Hi all,interesting discussion.From the posts it seems:
1)The PRS licence premises where money is being made from music-that answers the initial poster's quote.Bit of a bummer for that landlord,but presumably it covers all their music-barTV or incidental radio,tax-deductable of course.Some rich person might want to argue it out under Human Rights if his clientele are denied freedom of expression if he stops coughing up.
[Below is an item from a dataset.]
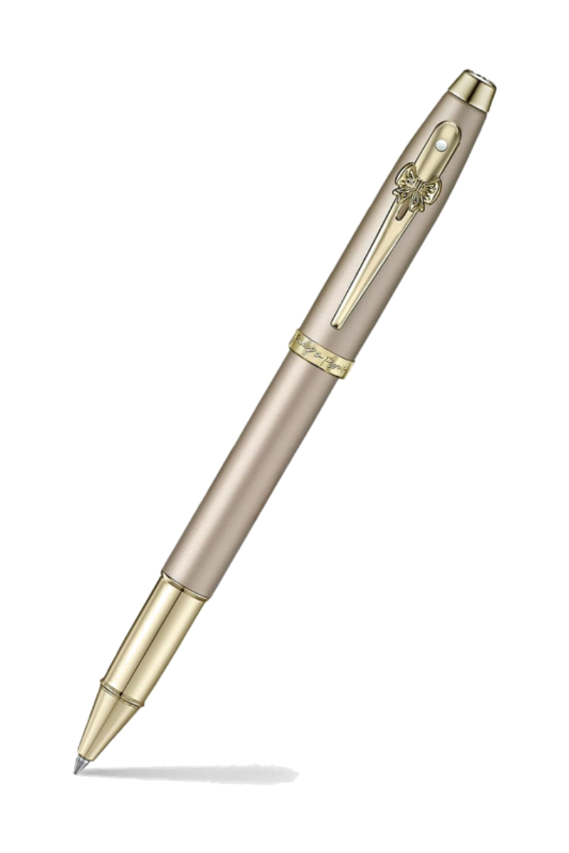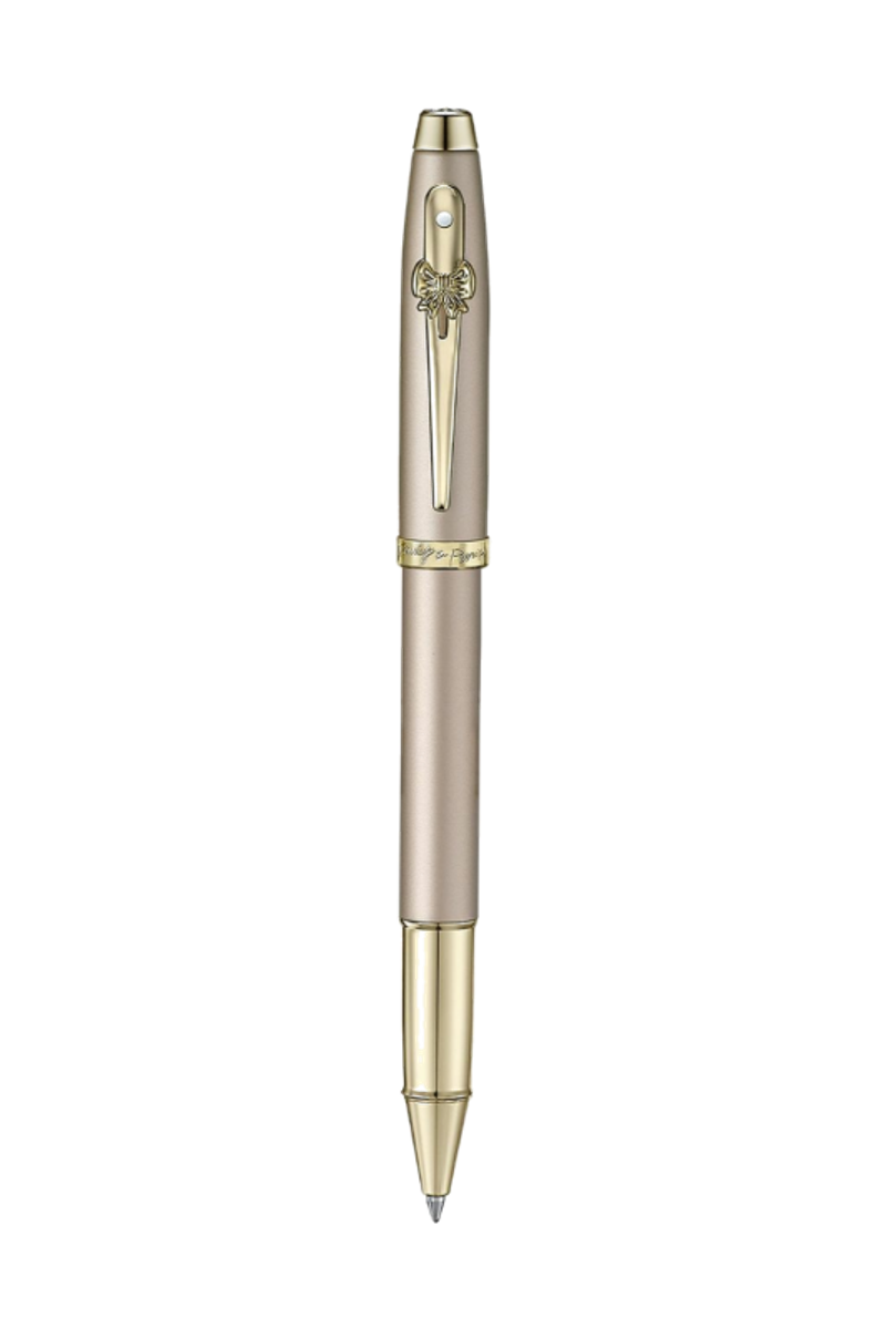 Le stylo roller Sheaffer 100 brille dans cette édition spéciale Emily in Paris, habillé d'une laque lumineuse or champagne avec des garnitures polies or champagne. L'emblème du clip en forme de nœud ajoute un clin d'œil ludique à la signature d'Emily, tandis que la bande centrale co-brandée en fait une véritable pièce de collection. Avec son écriture douce et fluide et sa forme parfaitement équilibrée, ce stylo est fait pour transformer la plus simple des notes en quelque chose de très chic.

2)In many decades of session playing traditional&modern 'folk' in PRS licenced places I've never been asked for a list of tunes and from the posts there seems no obligation to do so.How,then, do they know who to pay the 1.5p's to?I can't avoid the conclusion that,after deducting a slice for themselves,for their own convenience they pay say,10% to Sir Paul,2.5% to Bono,1%to Cole Porter's estate etc..etc.
Would it ever occur to them to bung,for example: A.Cutting,J.Kirkpatrick,J.C.Frank's estate(all probably paid up members)or that they are collecting cash on behalf of Jane in the local ceilidh band,whose one tune that I knock out regularly does not warrant outlay of £100?

3)Right or wrong?:
It appears they really would expect a place selling coffee etc. to cough up even if it were dedicated entirely to performing Child(traditional) ballads.Even not making money and putting the onus on the premises to prove they are not.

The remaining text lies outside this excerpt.